Applications use database tables that can be conditionally divided into two types:

  1. Tables that store big arrays of structured data about objects (persons, organizations, property, etc.),
  2. Document tables that store the current state of the processes implemented by a particular application (process type, stage, signatures, etc.) or data about its current operations (notifications, messages, records about voting and transactions).

Typically, register tables contain the most up-to-date information, which means that information about objects in the registers is updated as soon as a new piece of data is received. The work with documents is based on a completely different principle. Due to the fact that the DBFind functions of the Simvolio and Protypo languages can request information only from a single table (which means that they don’t support JOIN), it is necessary to record exhaustive information (IDs, names, pictures) in the tables that store documents. For example, when requesting information from a table that stores messages, we need to receive not just the id of the sender, but all information required to display the message on an interface page, including the user name and avatar (userpic). After having being saved, the data in the document tables should not be modified. It should be noted that non-normalization of data in tables is not related only to the technical limitations of JOIN use, but is prescribed by the very ideology of the blockchain as a temporal database that is designed to store the complete history of events. This means that a document (for example, a message), which was signed and saved in a table, should not under any circumstances be modified in the future, even, for example, in case its author changes their name in the register of users (whereas such modification is inevitable under the relational data scheme).

Interface Pages

Page structure is formed using the If(Condition){Body } .ElseIf(Condition){Body} .Else{Body} conditional statement, which can use the PageParam parameters sent to the page when it was called by the LinkPage or Button functions. If some code fragments need to be used in many pages, they should be recorded into page blocks. Such blocks can be included in a page using the Include function.

Variables, Column Names and Language Resources

The unification of names of variables (on pages and in contracts), identifiers of interface page form fields, table column names and language resource labels can help significantly speed up the development of applications and make the program code easier to read. Let’s suppose we want to pass parameters from an interface page to a contract.
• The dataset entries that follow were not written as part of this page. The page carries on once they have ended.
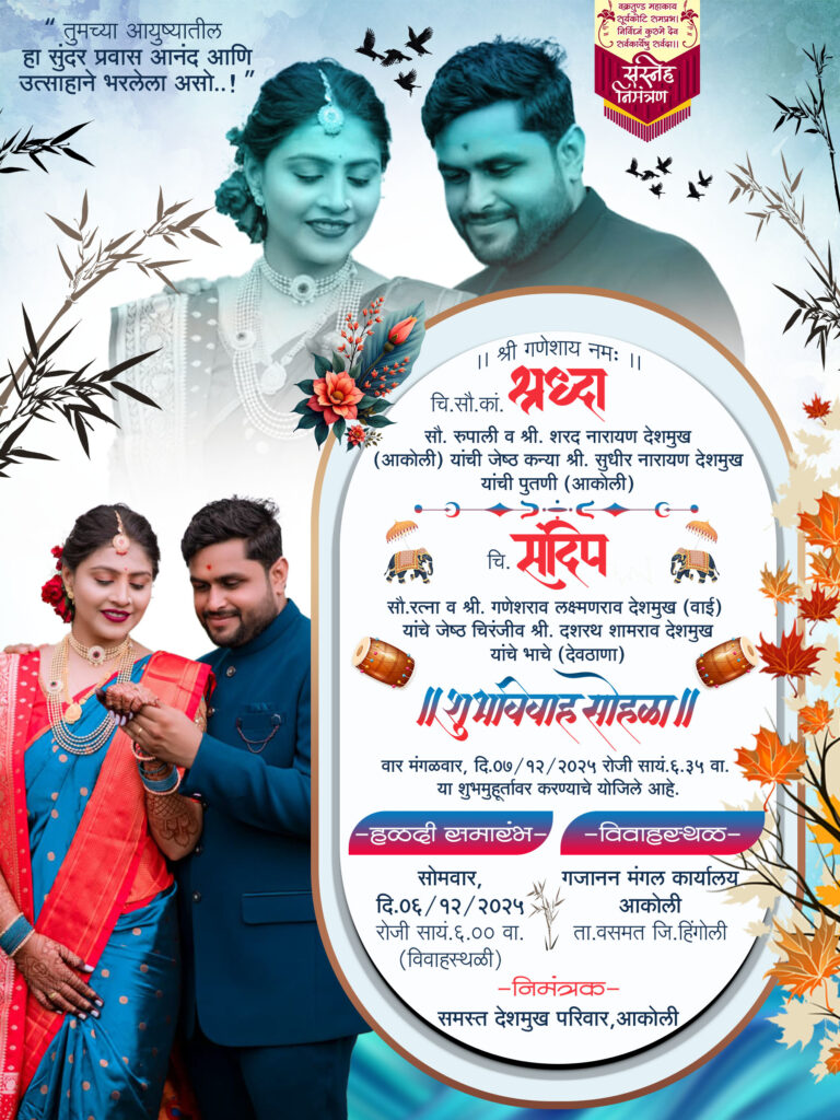| डिझाईन चे नाव | Marathi Wedding Invitation Card Design |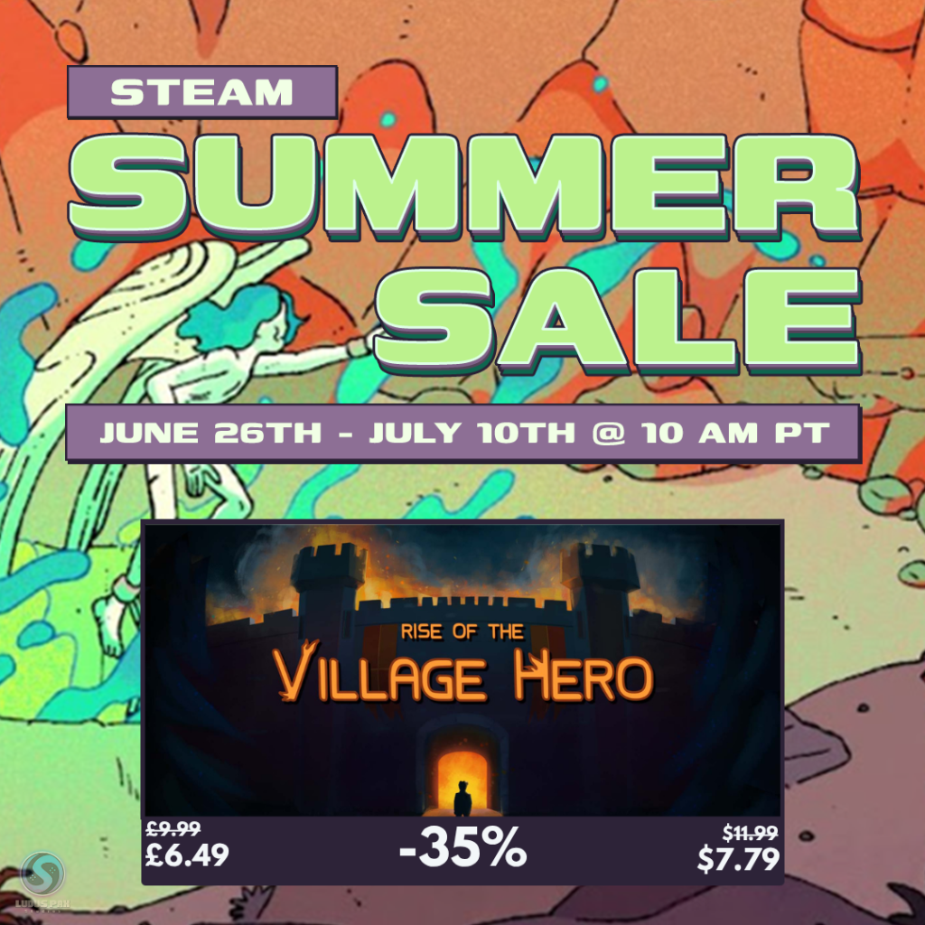 I wanted to let you know that my first commercial game, Rise of the Village Hero is part of the Steam summer sale, currently 35% off.
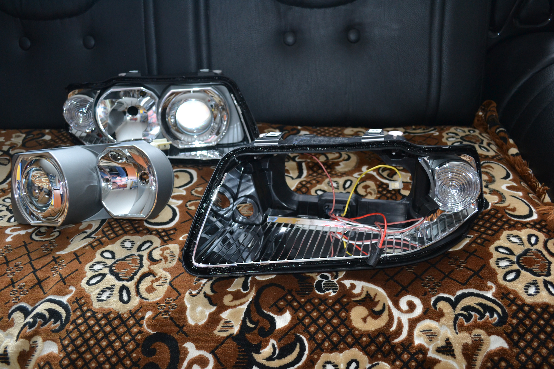 Фары распаяли и собрали в тот же день, когда я приехал, родные линзы сразу же улетели в Питер, а их место заняли LED модули SOL-9, установить их не было особых проблем, почти болт-он, только маленькие перемычки сделали и всё.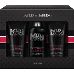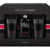 Baylis & Harding Men Černý pepř a Ženšen mycí gel na tělo a vlasy 300 ml + balzám po holení 200 ml + sprchový gel 200 ml, kosmetická sada

In this case, if the name of the username variable in the data section of the contract corresponds to the name of the username field of an interface page, which was passed to this contract, then you don’t need to specify this username=username pair in the Params parameters of the Button function. Using the same names for variables and column names makes it easier to use the DBInsert and DBUpdate functions; for example, DBUpdate("member", $id, {username: $username}). Using the same names for variables and language resource labels makes it easier to display the columns names of interface tables Table(mysrc,"ID=id,$username$=username").

Access Rights

The most important element of an application is the system for the management of access rights to its resources. These access rights can be established on a number of levels:

  1. Permission to call a specific contract by the current user. This permission can be configured in the conditions section of the contract by using a logical expression in the If statement, or with nested contracts; for example, MainConditions or RoleConditions, where typical rights or user role rights are defined.

2. Current user’s permission to change (using the contracts) values in table columns, to add rows and columns to tables. Permissions can be set using the ContractConditions function in Permissions fields of table columns and in the Write permissions / Insert / Update / New column field on the table editing page. The conditions specified in the Update field specify the rights to change all columns of the table in general, the conditions in the fields Permissions impose additional restrictions for each column separately.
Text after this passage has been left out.